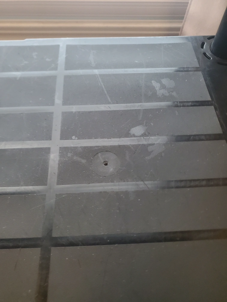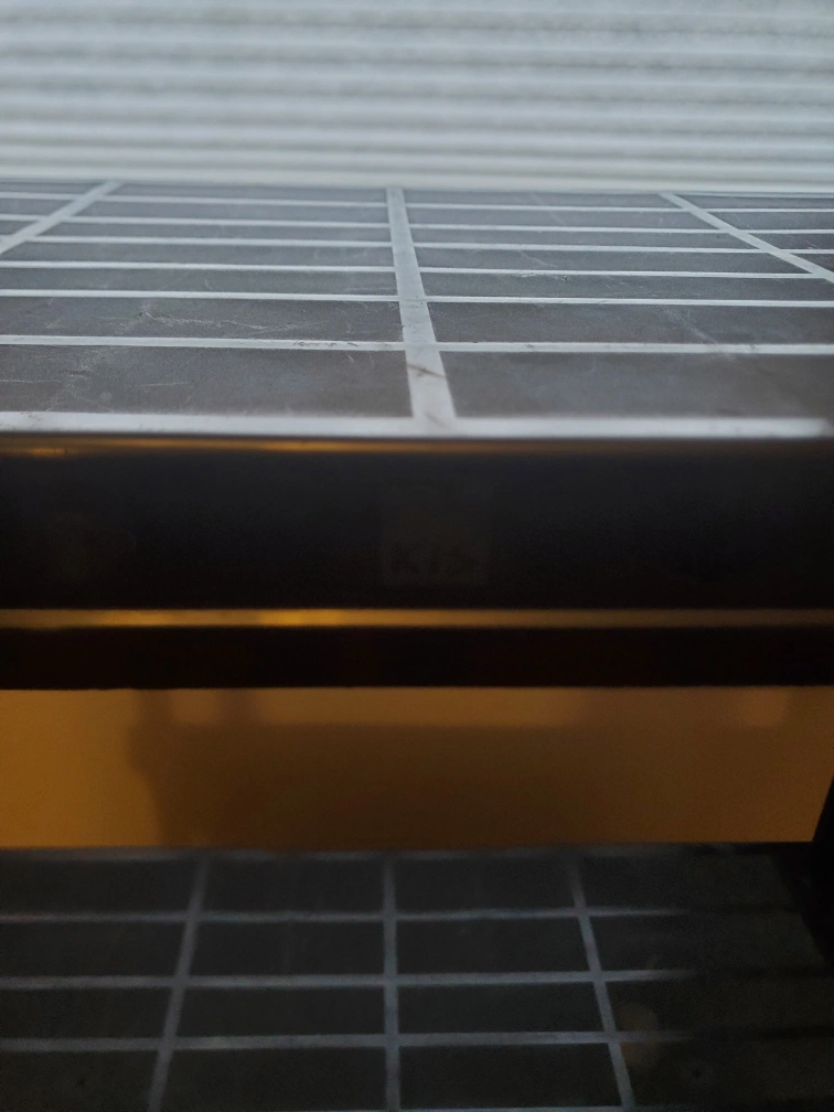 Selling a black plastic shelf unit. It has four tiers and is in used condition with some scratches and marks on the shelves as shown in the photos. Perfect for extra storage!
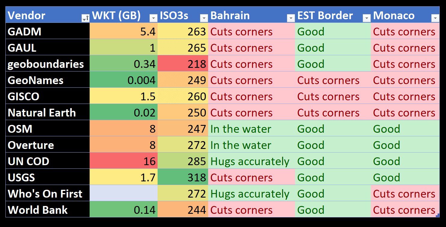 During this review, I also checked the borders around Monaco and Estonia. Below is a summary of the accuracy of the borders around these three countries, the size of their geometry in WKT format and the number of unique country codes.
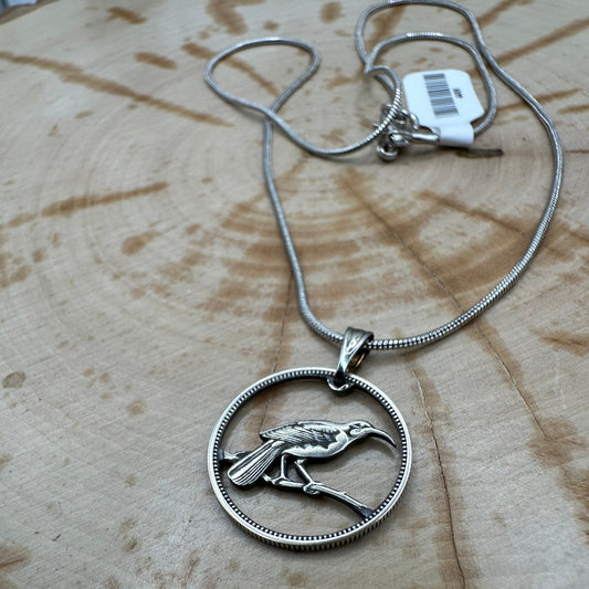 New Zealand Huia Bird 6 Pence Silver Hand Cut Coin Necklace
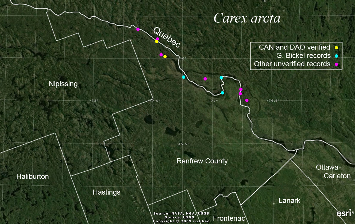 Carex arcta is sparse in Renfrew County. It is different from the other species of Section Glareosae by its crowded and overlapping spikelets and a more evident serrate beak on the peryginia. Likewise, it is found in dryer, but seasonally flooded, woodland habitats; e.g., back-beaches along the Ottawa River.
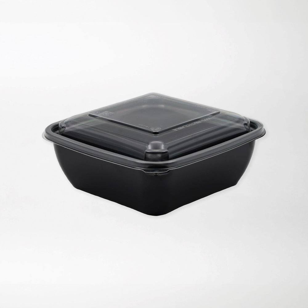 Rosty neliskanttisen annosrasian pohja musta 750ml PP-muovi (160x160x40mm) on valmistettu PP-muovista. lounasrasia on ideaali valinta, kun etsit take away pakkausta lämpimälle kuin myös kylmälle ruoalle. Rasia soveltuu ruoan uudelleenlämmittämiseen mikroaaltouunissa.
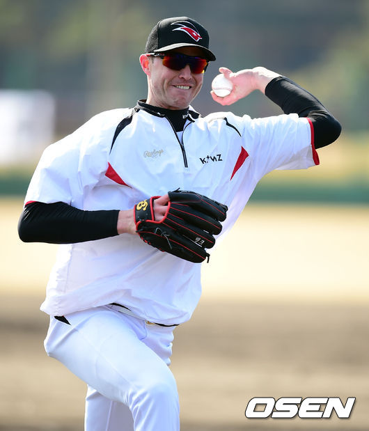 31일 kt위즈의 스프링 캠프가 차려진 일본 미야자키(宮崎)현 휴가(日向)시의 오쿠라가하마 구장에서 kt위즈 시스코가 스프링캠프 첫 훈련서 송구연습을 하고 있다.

§ **What the task requires**:
Print the whole listing again exactly, please. No pictures.

§ **Output**:
 Selling a black plastic shelf unit. It has four tiers and is in used condition with some scratches and marks on the shelves as shown in the photos. Perfect for extra storage!
 During this review, I also checked the borders around Monaco and Estonia. Below is a summary of the accuracy of the borders around these three countries, the size of their geometry in WKT format and the number of unique country codes.
 New Zealand Huia Bird 6 Pence Silver Hand Cut Coin Necklace
 Carex arcta is sparse in Renfrew County. It is different from the other species of Section Glareosae by its crowded and overlapping spikelets and a more evident serrate beak on the peryginia. Likewise, it is found in dryer, but seasonally flooded, woodland habitats; e.g., back-beaches along the Ottawa River.
 Rosty neliskanttisen annosrasian pohja musta 750ml PP-muovi (160x160x40mm) on valmistettu PP-muovista. lounasrasia on ideaali valinta, kun etsit take away pakkausta lämpimälle kuin myös kylmälle ruoalle. Rasia soveltuu ruoan uudelleenlämmittämiseen mikroaaltouunissa.
 31일 kt위즈의 스프링 캠프가 차려진 일본 미야자키(宮崎)현 휴가(日向)시의 오쿠라가하마 구장에서 kt위즈 시스코가 스프링캠프 첫 훈련서 송구연습을 하고 있다.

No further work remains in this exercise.